Again to Carthage
- Again to Carthage book cover
- Author: John L. Parker Jr.
- Language: English
- Genre: Realistic fiction
- Publisher: Breakaway Books
- Publication date: September 14, 2008
- Publication place: United States
- Media type: Print (hardback)
- Pages: 344
- ISBN: 1-891369-77-6
- Preceded by: Once a Runner

= Again to Carthage =

Novel by John L. Parker, Jr.

Again to Carthage is a novel by American author John L. Parker Jr. initially published April 1, 2008. It is the sequel to 1978 book Once a Runner.

==Plot summary==
John Parker's "Again to Carthage" picks up where Parker's "Once a Runner" left off. Star college miler, Quenton Cassidy has returned home from the Olympic games where he has taken the silver medal in the 1500 meter "metric mile" race. After some time working as a lawyer he decides that he left the running life too soon and now in his early thirties (or thereabouts) decides to take up the rigorous, spartan distance running-training life again. This time aiming to make the United States Olympic marathon team.

Mr. Parker's unique writing skill is to immerse the attentive reader in the peculiar (by modern American standards) life of the serious distance runner while avoiding the mind-numbing attention to the daily grind of the athlete himself. Parker's achievement as a writer with his background as an accomplished distance runner, is to show how the stoicism and discipline of the serious runner manages to transform a mere man through a transcendent undertaking into what can almost be characterized as an apotheosis.

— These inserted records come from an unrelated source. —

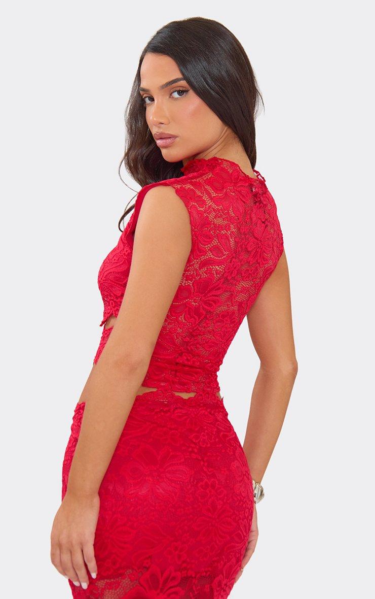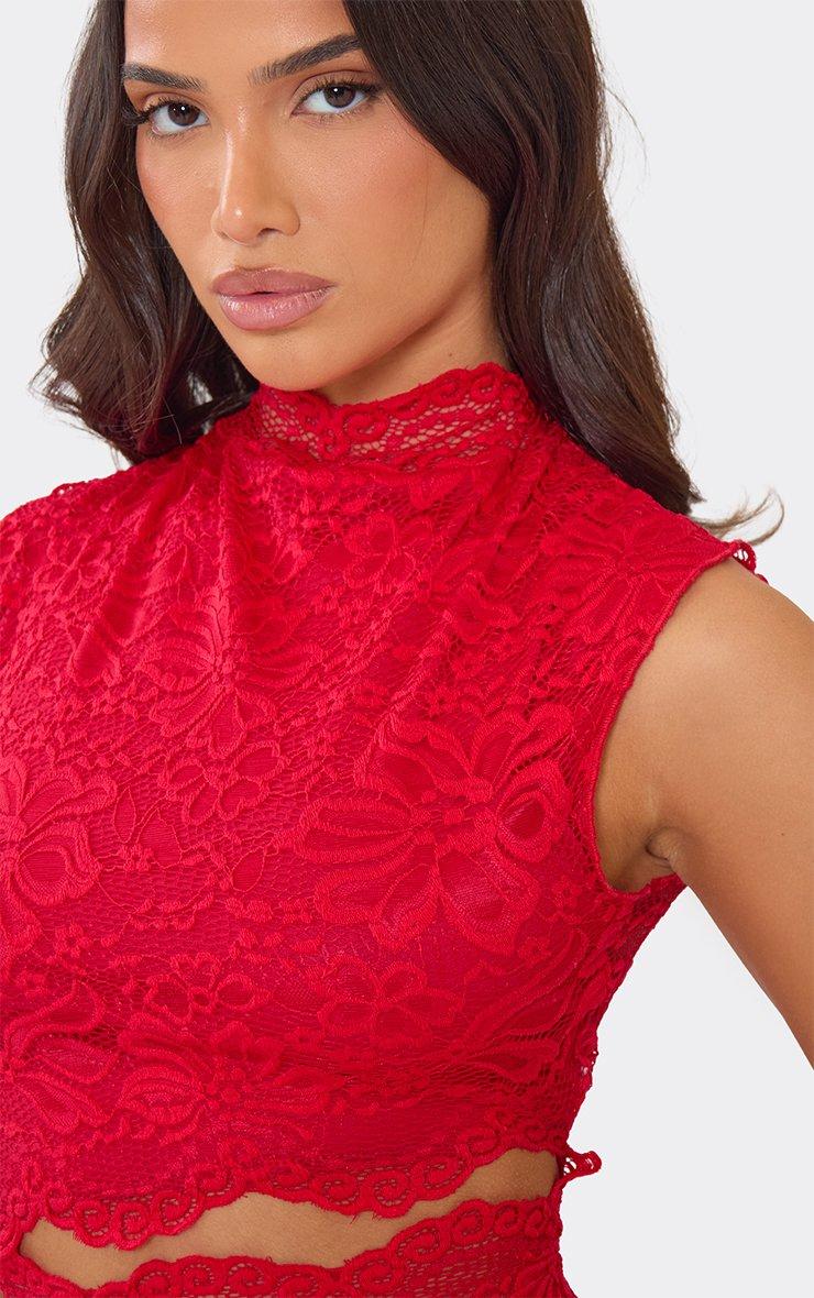 High Neck Cut Out Detail Top In Red Lace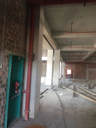 新校区扩建项目图书馆及学术报告厅工程2021年09月份形象进度:外架拆除完成100%,外墙抹灰完成100%,消防管道安装80%,喷淋管道安装30%,学术报告厅主体结构完成100%。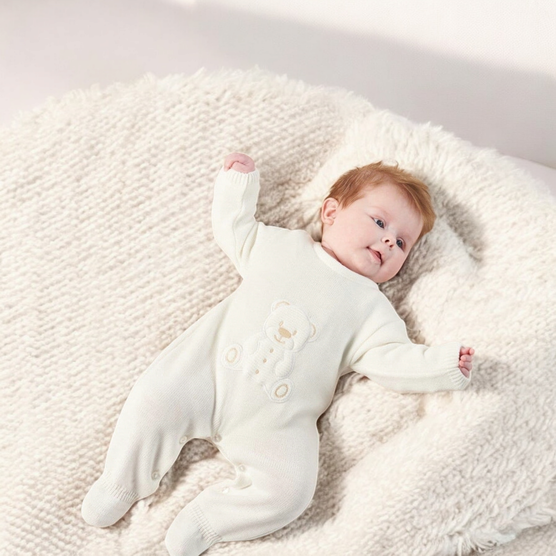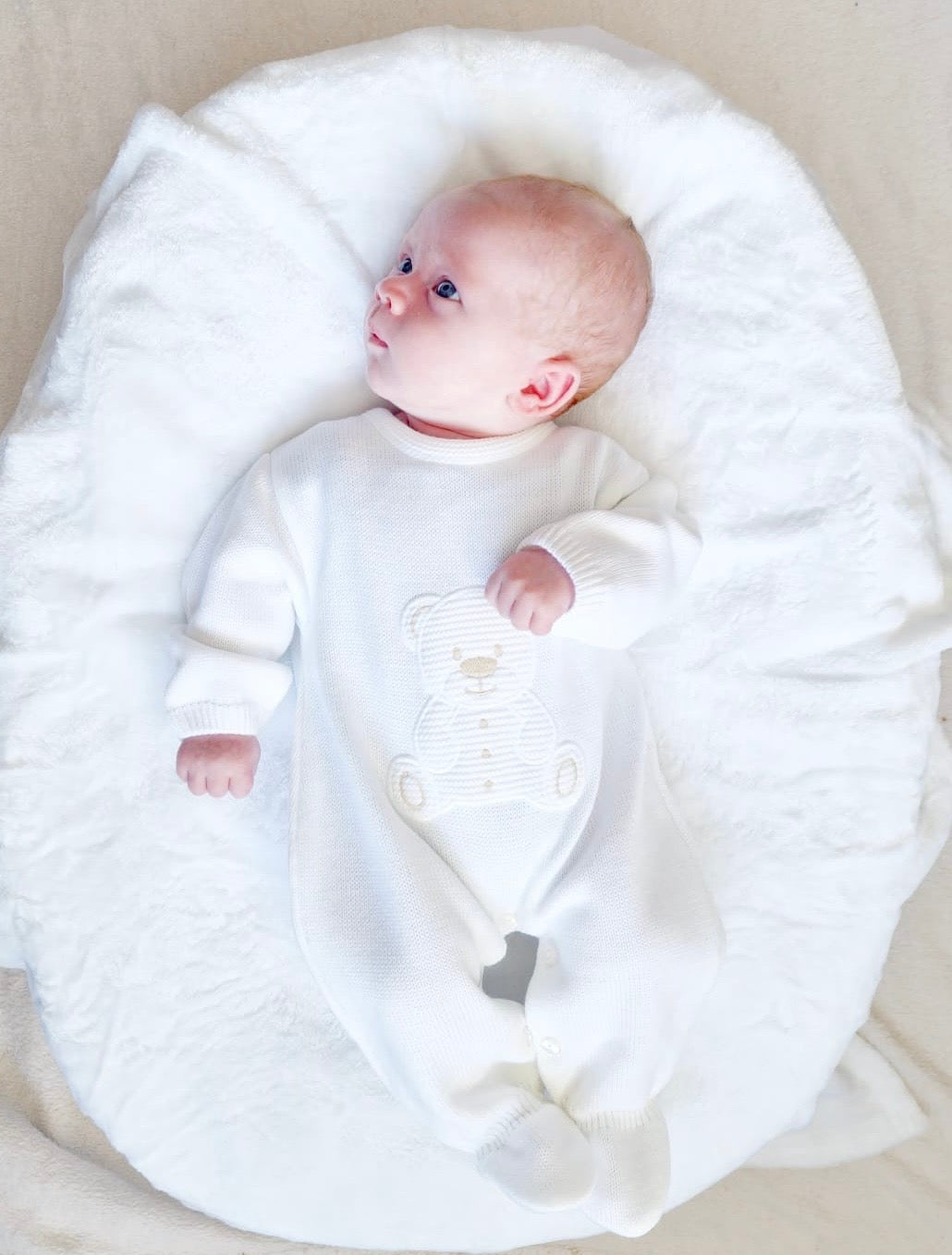 White teddy knitted onesie

As Cassidy runs his race (the U.S. Olympic marathon trial) two strange, arguably metaphysical events leave the reader wondering what is real and what is being imagined. Through this crucible of the will, the protagonist, Quenton Cassidy is transformed from a mere mortal yet again (as in Parker's prequel, "Once a Runner"). As is the attentive reader in some small way.